Issues & Insights

Soros’ Mini-Me Is Using Health Care to Leverage Gov’t Takeover of Society

The answer to life’s problems seems to all hinge upon just giving up a teeny bit of freedom here and a bit there. Leftist authoritarians promise they can save the world from (insert environmental disaster), but only if you don’t drive cars or eat hamburgers. They can save the world from crime, but you need to sacrifice your right to defend yourself. They can make a world of perfect equality, but you need to give up your money, your clean streets, your functional schools, etc., etc.

Indeed, the deep swing toward authoritarianism from the post-Obama left reminds one of the quote from journalist HL Mencken, “The urge to save humanity is almost always only a false-face for the urge to rule it.”

The issue Democrats have selected to wedge their way into more and more government power is health care. Health is something that affects everyone, and an issue where it’s easy to promise the world while decrying anyone who questions the infeasibility of, say, promising full medical benefits to all of Latin America.

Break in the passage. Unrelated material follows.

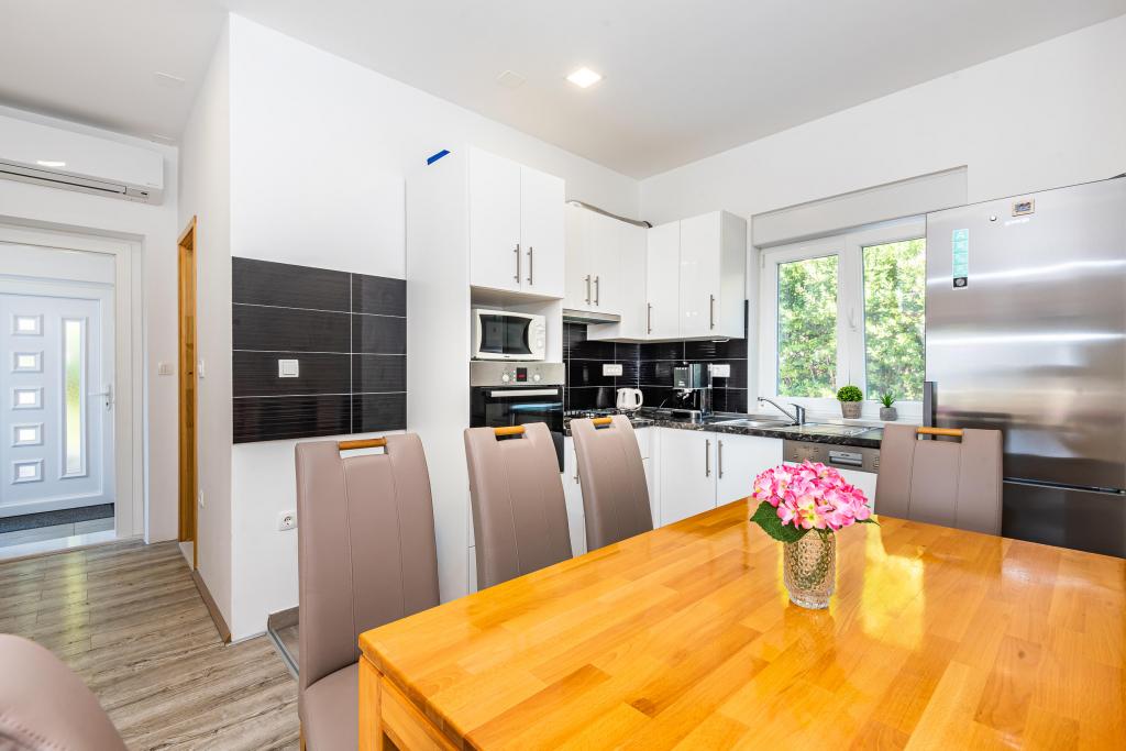 Nowoczesny i nowo wyremontowany dom, który zapewni idealne wakacje dla każdego gościa, który zdecyduje się odwiedzić Riwiera Makarska. Gradac to świetny wybór na rodzinne wakacje, zapewniając swoim gościom niezapomniane wrażenia, ciesząc się najpiękniejszym morzem i opalając się na pięknych plażach. Ze względu na doskonałą lokalizację Gradac jest ulubionym miejscem turystycznym, 100 km od Splitu i Dubrownika, idealną bazą wypadową na codzienne wycieczki i wizyty w najpiękniejszych chorwackich miastach. Nino znajduje się zaledwie 200 metrów od plaży lub 3 minuty spacerem od centrum miasta, 600 metrów od hotelu. Nasze zakwaterowanie krajobrazowe zapewni Ci wszystko, czego potrzebujesz na dłuższy pobyt, jeśli wybierzesz. Do wyposażenia domu należą: 3 sypialnie, 2 łazienki, kuchnia, salon, korytarz, przedpokój, 2 balkony, 1 taras z meblami towarzyszącymi, bezpłatna klimatyzacja, parking, Wi-Fi, smart TV, Netflix, zmywarka, pralka, sprzęt AGD ekspres do kawy, nadzór wideo, elektryczne szyby we wszystkich oknach ... witamy.

If Democrats can subvert the health care industry – which is 18% of the US economy – into a top-down, government-controlled single-payer system, they can use that leverage toward controlling ever more of the private industry and people’s lives.

One of the people driving for this is billionaire John Arnold, George Soros’s Mini-Me. The John and Laura Arnold Foundation (now called Arnold Ventures) funds the Center for Media and Democracy, a far-left group working to defund the free market. Why someone who has benefitted so much from capitalism wants to undermine capitalism is somewhat baffling, but that’s the world we live in nowadays.

Exploiting health care as a wedge issue, the so-called “progressive” billionaire has pushed for drug price controls, funding anti-Second Amendment causes since gun freedom is “a public health crisis,” and promoting as much abortion as possible – though it usually gets called something innocuous like “women’s health.”

The Arnolds have been great at funding fake research to advance their agendas, and all told they have disbursed more than $1 billion of their personal fortune to subvert traditional American values – so maybe we need to rename it the John and Laura and Benedict Arnold Foundation.

Of particular note where the Arnolds’ effort on health care is concerned is the issue of Surprise Medical Billing (SMB), the situation where insured patients get slammed with unexpected, out-of-network charges – such as when the surgeon was in-network but the anesthesiologist wasn’t.  

Insurers want to design narrow coverage with a very small number of providers they have to pay, leading to the conclusion that the health insurers are to blame for SMBs as the inevitable bad actors in the space.  SMBs are great for insurance companies, since they don’t have to pay out-of-network benefits, but they’re awful for everyone else. The Arnolds and their ilk are depicting the SMB issue as a sign that the system is inherently broken and must be replaced with an inevitably dysfunctional socialist one.

For some reason, this aspect of the insurance industry has been singled out by leftist activists while insurance companies’ record-breaking Obamacare profits haven’t.

The goal of non-profit advocacy groups spawned by the Arnolds, George Soros, or whoever is to disrupt as much of the system as possible to replace it with a new one, one that promises the world but, again, can’t keep waste off the streets or discipline school kids who get out of line. People like this need to be defeated utterly. The system needs to be tweaked to be even better, not just thrown in the trash.  

Jared Whitley is a long-time DC politico who writes about the impact of government regulation on business. He worked in the US Senate, the White House, and the defense industry. He is a graduate of Hult International Business School in Dubai and an associate of the Global Justice Foundation.